Há alguns momentos na vida em que observo olhares estranhissimos em minha direção. Um deles é quando absurdamente perguntam qual meu signo. Já sei que uma cara de nojo vai tomar conta do abelhudo místico à simples resposta: câncer.
É infalível. Depois de tanto suportar na ignorância tais raios (ora travestidos de olhares fulminantes, ora piedosos... mas sempre de desdém) fui pesquisar para ver o que pegava neste povo. Suponho que seja aquela coisa rançosa de cancerianos viverem no passado. serem as mães do mundo blá, blá, blá.
Então, armada de conhecimentos rasteiros, passei a dizer que sou uma anti-canceriana. Que provavelmente superei minha nefasta cancerianice no divã do psicanalista. Não sinto saudade, tenho instinto maternal zero e penso no passado apenas o suficiente para não perpetuar erros. Tenho facilidade enorme de apagar lembranças, sobretudo as ruins. Telefone ou performance de ex? Humpft.
É neste momento que uma mezzo-pergunta, mezzo-certeza se insurge contra mim: "ah ... mas você deve ter um ascendente em terra". Com ar vitorioso embasado em pesquisas para combater esta praga, fulmino: "não. Sou canceriana com ascendente em câncer". Algumas inúteis tentativas de me provar que eu não sou eu e que apenas não me reconheço naqueles livros cheios de tábuas lunares e o incauto desiste. Saio triunfante pois sei que meu comportamento cínico não coaduna com a fofura esperada de uma canceriana.
Outra pergunta-comentário que provoca olhares plenos de comiseração, e que no verão é ainda mais corriqueira: "nossa, Márcia, como você é/está branquinha. Não gosta de sol?". Como já estou velha demais para ser emo, lúcida o bastante para não me manter "dark" 25 anos depois da moda e sei que não aceitam um simples sim como resposta, tenho que dizer que não vou ao sol porque não posso.

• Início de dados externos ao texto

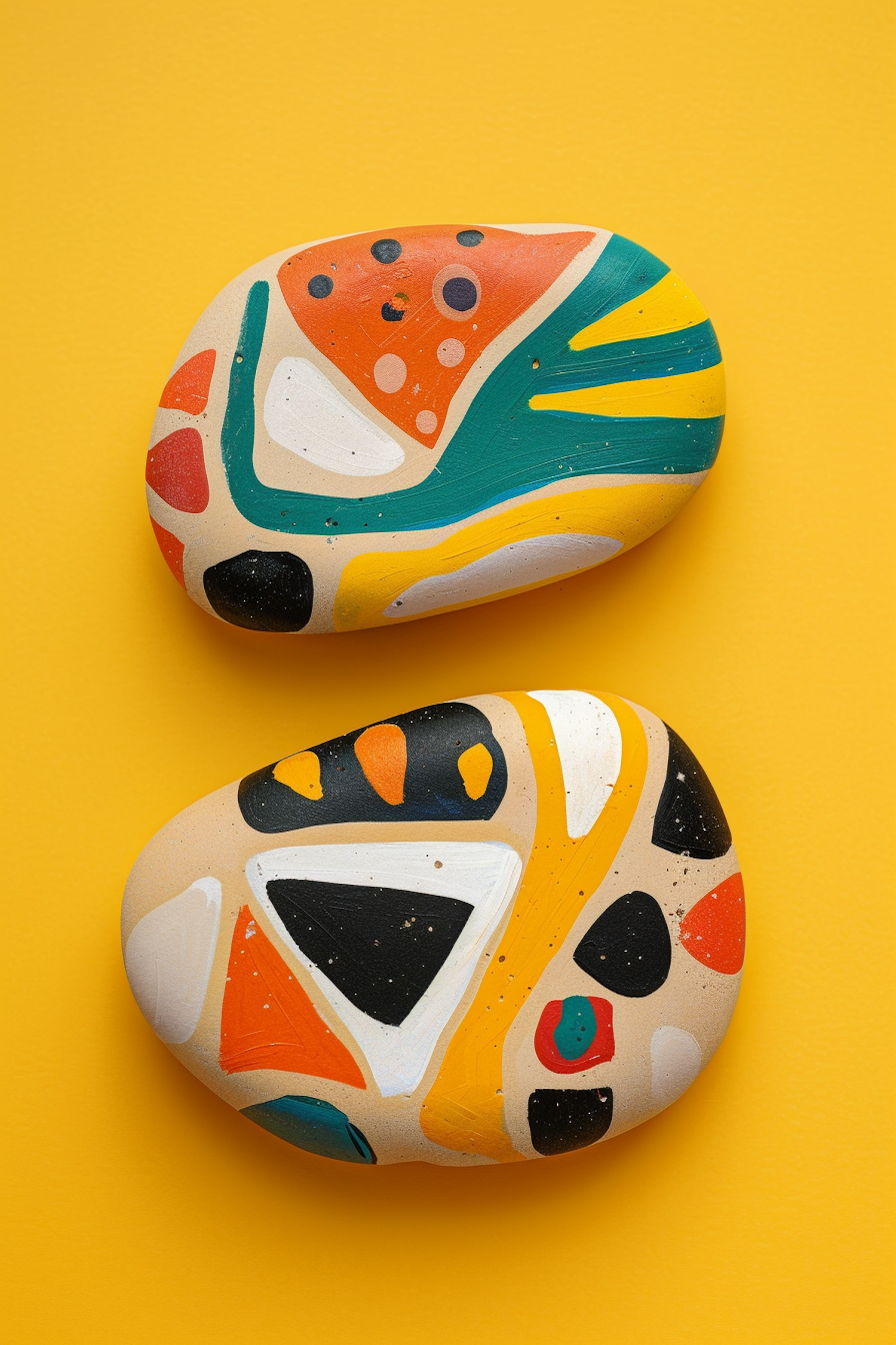 Colorful abstract painted stones on a vibrant yellow background, featuring geometric patterns in orange, teal, black, and white.

É nesta hora que eu percebo mais uma vez o humano gosto pelo trágico. Quando digo que não posso ir ao sol porque tenho lúpus (ou rhupus, ou sjogren... depende o que dizem os últimos informes da sociedade internacional de doenças auto-imunes, que mudam a cada semana) me vejo definhando aos olhos do interlocutor.

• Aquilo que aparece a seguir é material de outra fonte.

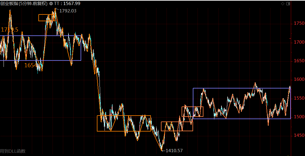 创业板这里走的比主板强势很多,周四的阳线直接修复了形态,目前在三十分钟中枢内部运行,中枢上轨1577点,周五已经顶到了中枢上轨,如果下周能突破此中枢,等五分钟回落线段后构建三买,可大胆介入做多。

Doença é coisa engraçada. Todo mundo conhece alguém com alguma coisa que você tem e nunca chegam com um "case" de sucesso. É só tragédia, desgraça. A pessoa faz uma cara que pelamordedeus... Tudo bem que saber que tenho uma espécie de "alergia a mim mesma" é meio complicado, mas sublimo legal. Fora isso não tenho problema algum que Reuquinol e Artrolive não dêm conta. Sem piedade, por favor. Fico feliz que existem remédios e que posso comprá-los. No mais é só não dar muita moral e a vida segue na maior normalidade. Eu sou o "case" de sucesso.
Finalmente, a terceira cara de pavor vêm de alguns cristãos quando descobrem que não tenho fé. Que não creio. Eu lá tenho culpa por não ter recebido a grande revelação? A primeira vez que senti este olhar de quem depara alma atormentrada foi há muitos anos. Estava ainda na faculdade.
Num domingo pela manhã, umas 10 horas, sei lá como o porteiro deixou entrar duas senhoras, aparentemente evangélicas, que chegaram sem aviso a minha porta. Acordei com a campainha e fui me arrastando atender. Começou a pregação. Sem paciência e nova demais para ter desenvolvido jogo de cintura, tasquei: "não adianta as senhoras insistirem pois eu não acredito em Deus". Por instantes as duas travaram, até que uma se saiu com esta: "e tu és feliz"? - "Claro que não, mas não tem nada a ver com isso".
Devem rezar por minha alma até hoje.